### [WHAT YOU WILL DO]
Report how many lines in the records hold the string "modern"; give the number and nothing else.

### [DATA]
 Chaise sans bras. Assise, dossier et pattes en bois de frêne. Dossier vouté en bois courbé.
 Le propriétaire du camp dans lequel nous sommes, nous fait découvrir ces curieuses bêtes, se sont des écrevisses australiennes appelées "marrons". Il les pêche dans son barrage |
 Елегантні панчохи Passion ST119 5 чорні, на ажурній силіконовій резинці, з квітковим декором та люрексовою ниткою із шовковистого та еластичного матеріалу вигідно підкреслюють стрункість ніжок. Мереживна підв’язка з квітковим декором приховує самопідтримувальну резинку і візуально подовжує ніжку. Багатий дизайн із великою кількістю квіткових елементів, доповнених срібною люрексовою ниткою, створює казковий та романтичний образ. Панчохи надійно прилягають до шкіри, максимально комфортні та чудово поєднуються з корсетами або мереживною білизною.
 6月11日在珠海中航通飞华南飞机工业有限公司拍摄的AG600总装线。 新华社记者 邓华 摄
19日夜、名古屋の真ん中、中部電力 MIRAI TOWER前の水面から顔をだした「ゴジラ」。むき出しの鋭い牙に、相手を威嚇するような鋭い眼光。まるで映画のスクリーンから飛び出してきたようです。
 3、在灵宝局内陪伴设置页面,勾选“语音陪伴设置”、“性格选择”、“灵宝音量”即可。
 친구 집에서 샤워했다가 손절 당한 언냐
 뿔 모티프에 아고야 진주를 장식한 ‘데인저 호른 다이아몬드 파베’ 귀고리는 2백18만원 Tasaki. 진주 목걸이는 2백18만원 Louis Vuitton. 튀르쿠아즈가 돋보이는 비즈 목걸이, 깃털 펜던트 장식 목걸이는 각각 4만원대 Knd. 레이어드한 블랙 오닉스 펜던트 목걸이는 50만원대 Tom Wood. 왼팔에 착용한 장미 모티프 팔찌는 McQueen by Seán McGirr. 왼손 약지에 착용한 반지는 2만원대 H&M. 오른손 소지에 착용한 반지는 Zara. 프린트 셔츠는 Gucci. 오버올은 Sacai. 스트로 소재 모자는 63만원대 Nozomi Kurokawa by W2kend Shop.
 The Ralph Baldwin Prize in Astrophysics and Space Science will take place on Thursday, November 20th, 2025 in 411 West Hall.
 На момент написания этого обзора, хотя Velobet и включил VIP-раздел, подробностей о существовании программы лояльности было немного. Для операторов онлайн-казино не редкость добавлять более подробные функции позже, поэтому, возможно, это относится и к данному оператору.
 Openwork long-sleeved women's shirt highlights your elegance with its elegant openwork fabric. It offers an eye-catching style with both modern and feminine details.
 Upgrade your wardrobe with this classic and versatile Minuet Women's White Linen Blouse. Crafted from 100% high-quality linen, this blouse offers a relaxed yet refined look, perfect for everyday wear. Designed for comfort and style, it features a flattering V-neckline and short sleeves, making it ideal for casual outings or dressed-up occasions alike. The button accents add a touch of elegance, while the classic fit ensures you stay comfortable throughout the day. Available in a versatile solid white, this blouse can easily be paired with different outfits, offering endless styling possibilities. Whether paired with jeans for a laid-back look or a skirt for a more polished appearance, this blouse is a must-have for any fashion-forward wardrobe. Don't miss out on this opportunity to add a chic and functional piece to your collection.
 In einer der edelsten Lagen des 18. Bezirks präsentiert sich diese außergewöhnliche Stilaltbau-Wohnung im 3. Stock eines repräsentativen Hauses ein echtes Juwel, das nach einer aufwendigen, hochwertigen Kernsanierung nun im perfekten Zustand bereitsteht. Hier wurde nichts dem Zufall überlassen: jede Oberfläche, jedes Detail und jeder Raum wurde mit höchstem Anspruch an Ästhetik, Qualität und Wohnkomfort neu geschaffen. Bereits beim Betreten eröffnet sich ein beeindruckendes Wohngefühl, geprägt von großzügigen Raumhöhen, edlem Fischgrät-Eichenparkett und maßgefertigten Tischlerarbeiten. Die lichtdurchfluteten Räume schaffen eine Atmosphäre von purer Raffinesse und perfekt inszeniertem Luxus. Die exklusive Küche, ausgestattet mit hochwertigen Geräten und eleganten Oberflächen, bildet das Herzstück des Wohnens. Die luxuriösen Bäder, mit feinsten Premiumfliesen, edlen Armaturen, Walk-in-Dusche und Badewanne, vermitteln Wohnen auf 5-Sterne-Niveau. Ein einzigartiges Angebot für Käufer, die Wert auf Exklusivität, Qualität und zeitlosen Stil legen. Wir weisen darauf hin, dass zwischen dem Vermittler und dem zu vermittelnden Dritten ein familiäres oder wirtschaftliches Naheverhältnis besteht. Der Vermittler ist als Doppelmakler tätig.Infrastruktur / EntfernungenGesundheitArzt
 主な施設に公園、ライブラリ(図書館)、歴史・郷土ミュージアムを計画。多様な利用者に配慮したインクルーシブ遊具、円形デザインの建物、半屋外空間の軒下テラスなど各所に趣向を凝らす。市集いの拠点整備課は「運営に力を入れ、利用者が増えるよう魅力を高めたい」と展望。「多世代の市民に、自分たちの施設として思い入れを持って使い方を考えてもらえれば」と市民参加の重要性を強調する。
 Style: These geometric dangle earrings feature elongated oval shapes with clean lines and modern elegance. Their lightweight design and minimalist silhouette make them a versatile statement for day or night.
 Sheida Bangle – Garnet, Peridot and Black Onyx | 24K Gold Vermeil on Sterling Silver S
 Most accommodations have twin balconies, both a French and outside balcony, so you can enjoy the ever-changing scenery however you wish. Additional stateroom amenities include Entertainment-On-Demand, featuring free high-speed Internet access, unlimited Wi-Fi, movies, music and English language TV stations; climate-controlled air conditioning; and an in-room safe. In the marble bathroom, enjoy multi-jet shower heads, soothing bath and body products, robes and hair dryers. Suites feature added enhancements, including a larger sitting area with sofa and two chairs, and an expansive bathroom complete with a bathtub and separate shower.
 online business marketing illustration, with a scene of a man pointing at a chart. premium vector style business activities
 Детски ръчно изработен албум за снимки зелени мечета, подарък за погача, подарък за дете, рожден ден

### [WRITTEN ANSWER]
2